Part of the aging process seems to be that you are unable to do things the way you used to do them — either the strength required isn’t what it used to be or the healing time from the over-exertion required is too much. The result is sometimes you avoid those tasks or jobs that you would otherwise undertake.

This past summer, my wife and I decided to make a major change in the landscape at our beach house and reduce the amount of lawn that needed to be mowed. We sketched out a design using several sizes and types of gravel and oyster shell and then calculated the amount of gravel needed to get the look that we wanted.
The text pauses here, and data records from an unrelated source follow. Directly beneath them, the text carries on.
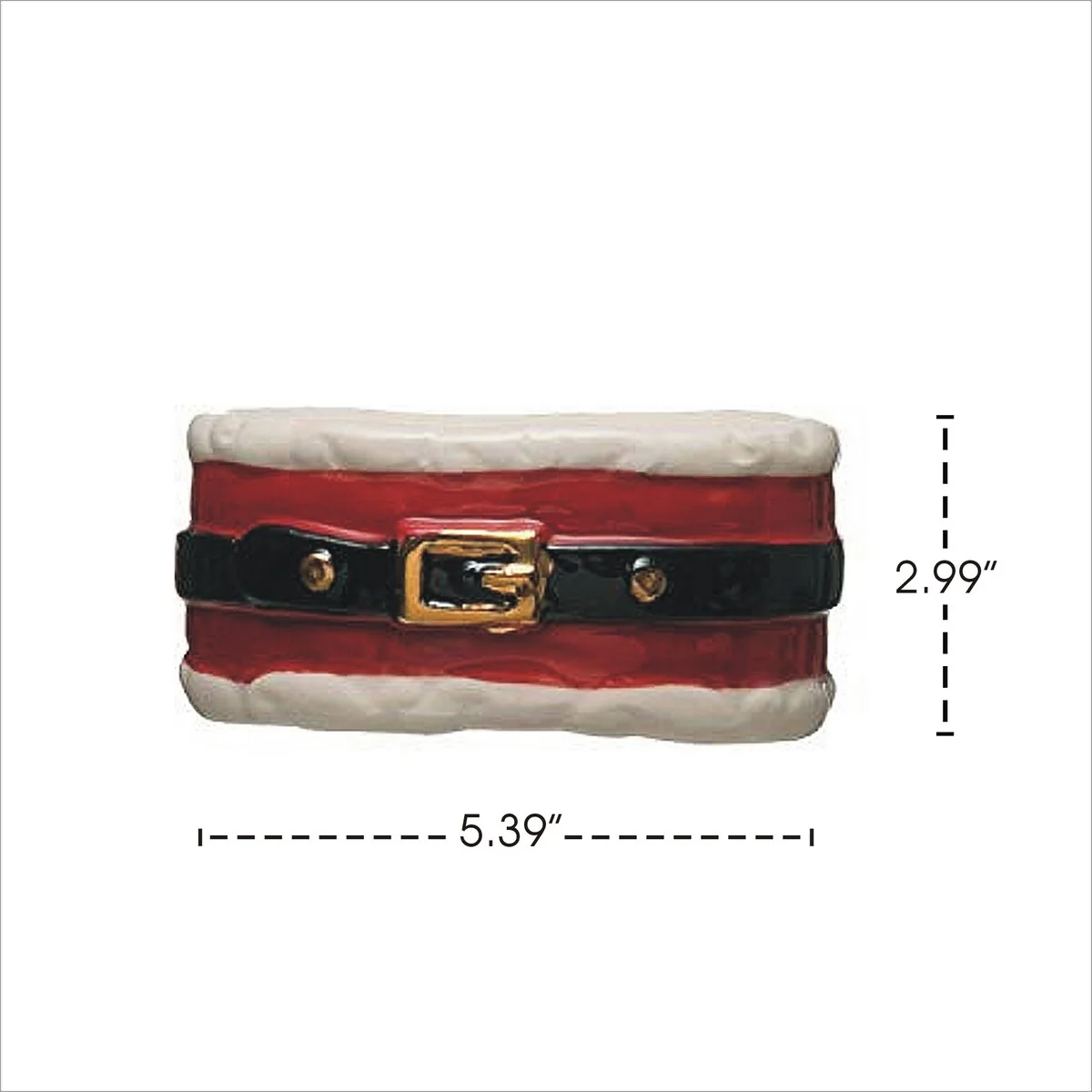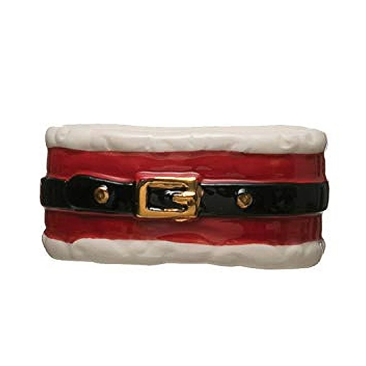 Festive Red Black Santa Belt Stoneware Decorative Napkin Ring Holder - 2.5" x 2.5"
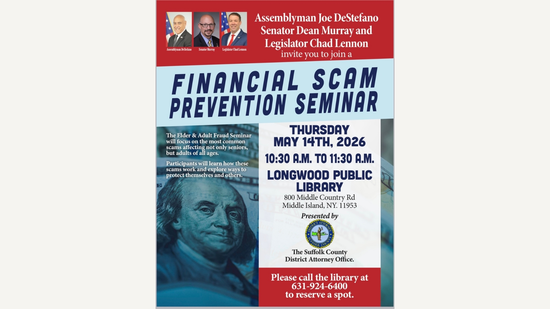 May 14, 2026 10:30 a.m. - 11:30 a.m. Financial Exploitation of Seniors Presentation Longwood Public Library 800 Middle Country Road Middle Island, NY 11953 Description: Join the Suffolk County District Attorney’s Office in partnership with Assemblyman DeStefano, and Senator Dean Murray for an informative presentation on financial exploitation. Learn about the latest scams and practical […] |
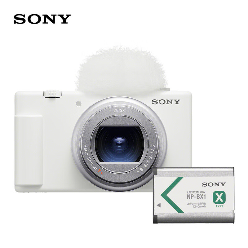 索尼(SONY)ZV-1 II 二代数码相机 Vlog相机/4K视频/超广角/大光圈 白色+NP-BX1充电电池套装价格:5678.00元!
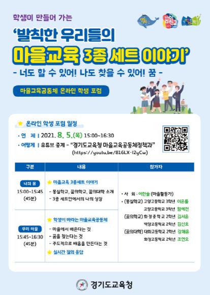 포럼은 ▲마을교육 3종 세트(몽실학교·경기꿈의학교·경기꿈의대학) 소개 영상 및 참여 경험 공유, ▲마을 안에서의 배움, ▲주도적 배움의 중요성 등을 주제로 진행되며, 경기도교육청 마을교육공동체정책과 유튜브 채널에서 시청할 수 있다.

Based on our design, we were looking at around 10 yards of gravel and rock. Gravel weighs about one and a half tons per cubic yard, so that’s around 30,000 pounds. I needed to move it from street level to the backyard, nearly 12 feet higher because of the slope the house was built on.

When I built some paths 12 years ago, I had used buckets to move five yards of material because pushing a wheelbarrow up that hill was impossible. That took me five long days and an even longer to recover physically then from the effort. Age has not made me more physically able to tackle moving twice as much gravel now.

I did some research and found no viable gravel “shooting” options available where a truck equipped with an attachment can place the rock where you want it. I am an equipment guy and knew the slope was too steep for a bucket loader to be safe.

We wanted to get the project done and do it in a safe and timely manner. I did some research and found another option: a battery-operated yard cart. While not cheap, it would allow me to get the gravel from Point A to Point B, without carrying it up that hill by hand. I found a model with two drive wheels and a swivel wheel in back to steer it.

I went ahead and bought the cart and made a few modifications by adding heavy aluminum sheet metal to the bottom to help with the weight of the gravel. On the first run, I shoveled the gravel in and headed up the hill, only to find the gravel slide to the back of the cart, causing me to lose traction. On the next trip, I used five-gallon buckets and some scrap wood to keep the weight centered over the drive wheels and it worked like a champ.

The two batteries that came with the unit held up by rotating them on the charger. I snagged a few willing “volunteers” — my wife, sister and a neighbor — to help fill buckets and spread the gravel. We were able to move over 10 yards of gravel — about 30,000 pounds — to the backyard in less than a day.

There are lots of options for electric carts, making it easy for folks of any age to get the right cart to meet their individual needs. For moving patio pavers, soil, mulch and heavy planters, battery-operated carts are a back and time saver for sure.